**TASK**: Starting at the line that holds "Logis M31 köksblandare", quote every line through the end of the records, both boundary lines included. Omit the pictures.
▶
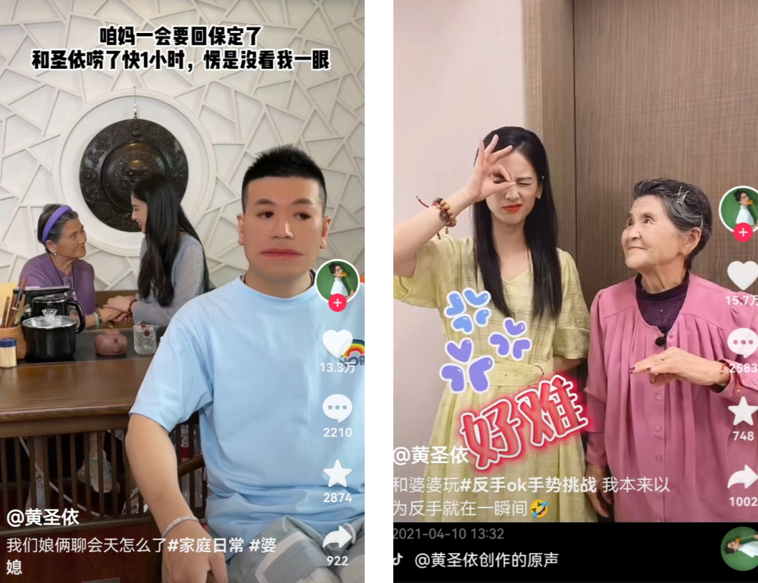 ▲黄圣依和杨子夫妻也把事业重心放在短视频上,关于婆媳关系,夫妻关系的内容都是他们的拍摄重点。
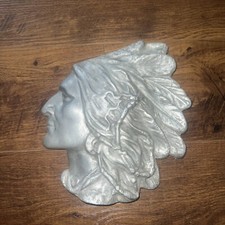 Vintage Cast Aluminum Native American Chief Wall Plaque 5” x 4” Rustic Decor
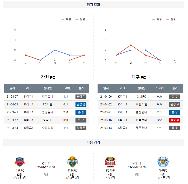 4월 10일 강원FC 대구FC 분석 K리그 축구
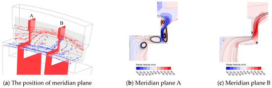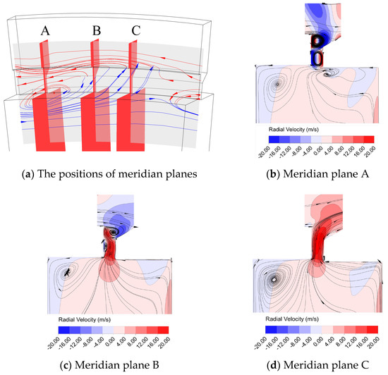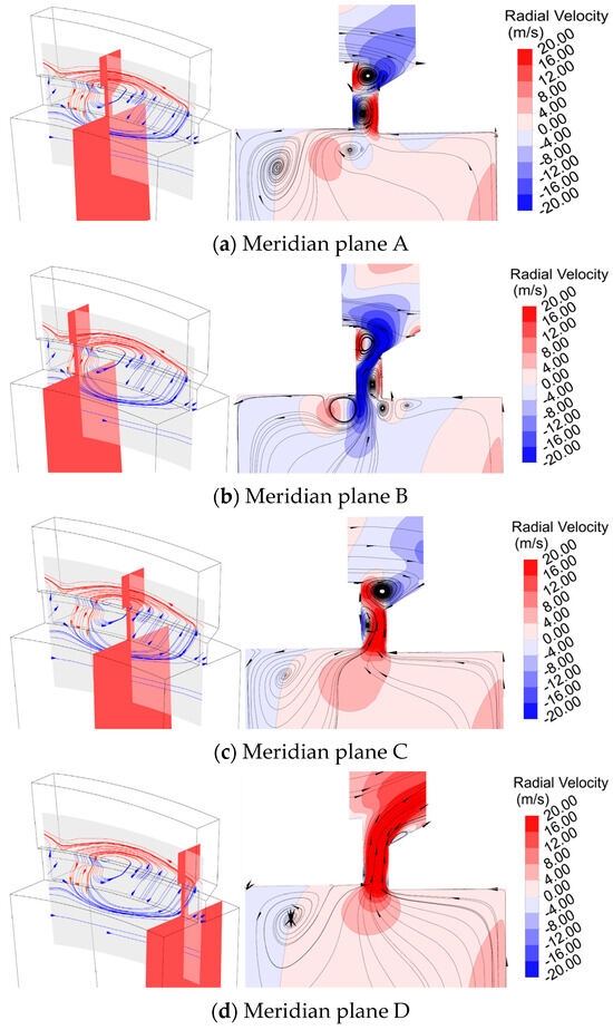 When the flowrate is low (λT = 0.063), as shown in Figure 8, similar planes are also selected to observe the streamline and radial velocity distribution, and it can be seen that the flow is similar to that in the case of high flowrate. The difference is that, when the flowrate is low, the absolute value of the radial velocity is smaller than that in the case of a high flowrate regardless of the ingress fluid or egress fluid.
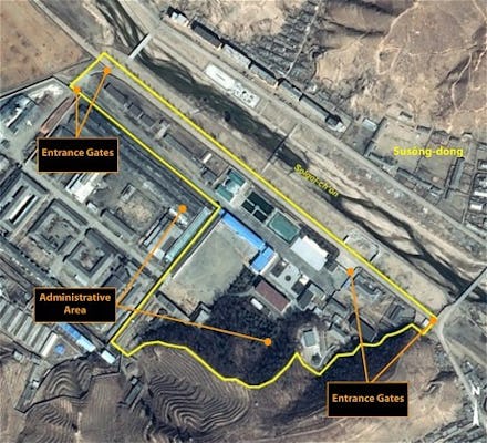 The news: According to the Committee for Human Rights in North Korea (HRNK), this is what a North Korean prison camp looks like. Kwan-li-so (penal labor colony) No. 25, located outside the city of Chongjin in North Korea's North Hamgyong province, has undergone major expansions since 2010 and is believed to hold some 3,000 to 5,000 prisoners. According to the HRNK, these pictures from satellite footage show what the camp looks like.
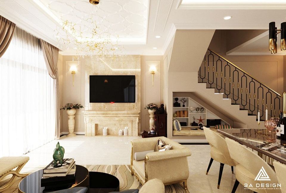 Nội thất tân cổ điển mang đến không gian ấm áp, quý phái và đầy phần cá nhân, tạo nên một môi trường sống lý tưởng cho những người yêu thích sự hòa quyện giữa quá khứ và hiện đại.
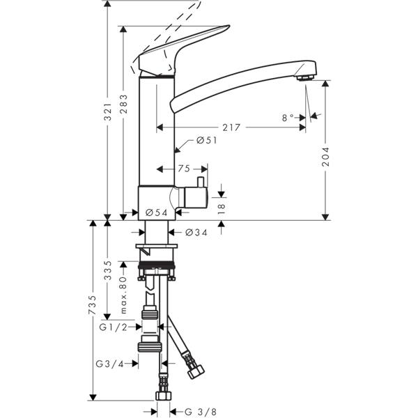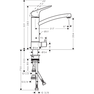 Logis M31 köksblandare 220, med diskmaskinsavstängning, 1jet Krom
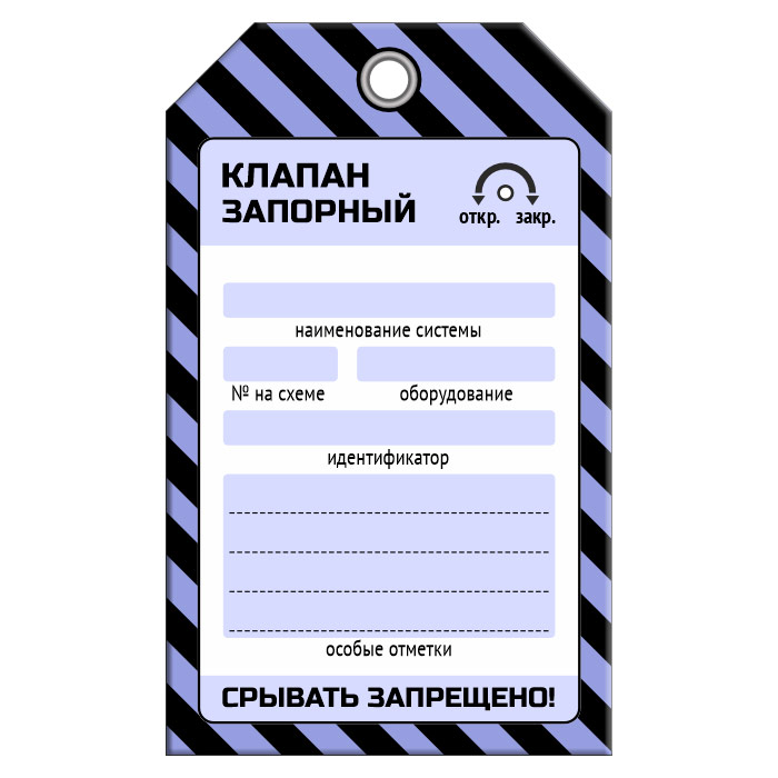 Бирка «КЛАПАН ЗАПОРНЫЙ» (1 шт., односторонняя, пластик, 70х115 мм) в Альметьевске купить
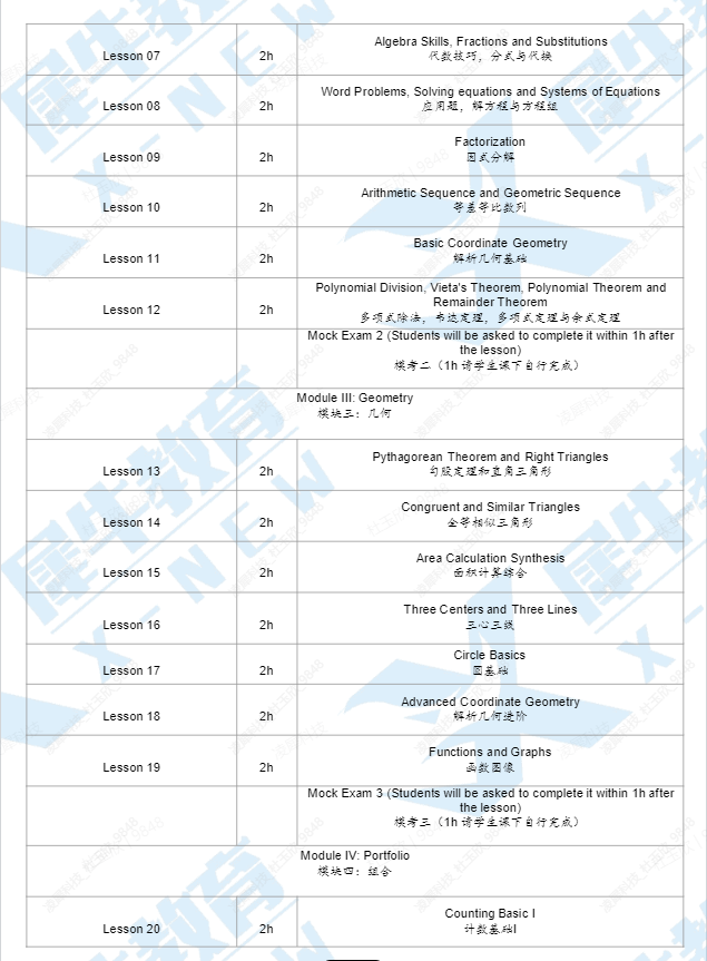 课程内容:系统梳理AMC10竞赛考点,训练AMC10竞赛解题思路和答题技巧
◀
**TASK ANSWER**:
 Logis M31 köksblandare 220, med diskmaskinsavstängning, 1jet Krom
 Бирка «КЛАПАН ЗАПОРНЫЙ» (1 шт., односторонняя, пластик, 70х115 мм) в Альметьевске купить
 课程内容:系统梳理AMC10竞赛考点,训练AMC10竞赛解题思路和答题技巧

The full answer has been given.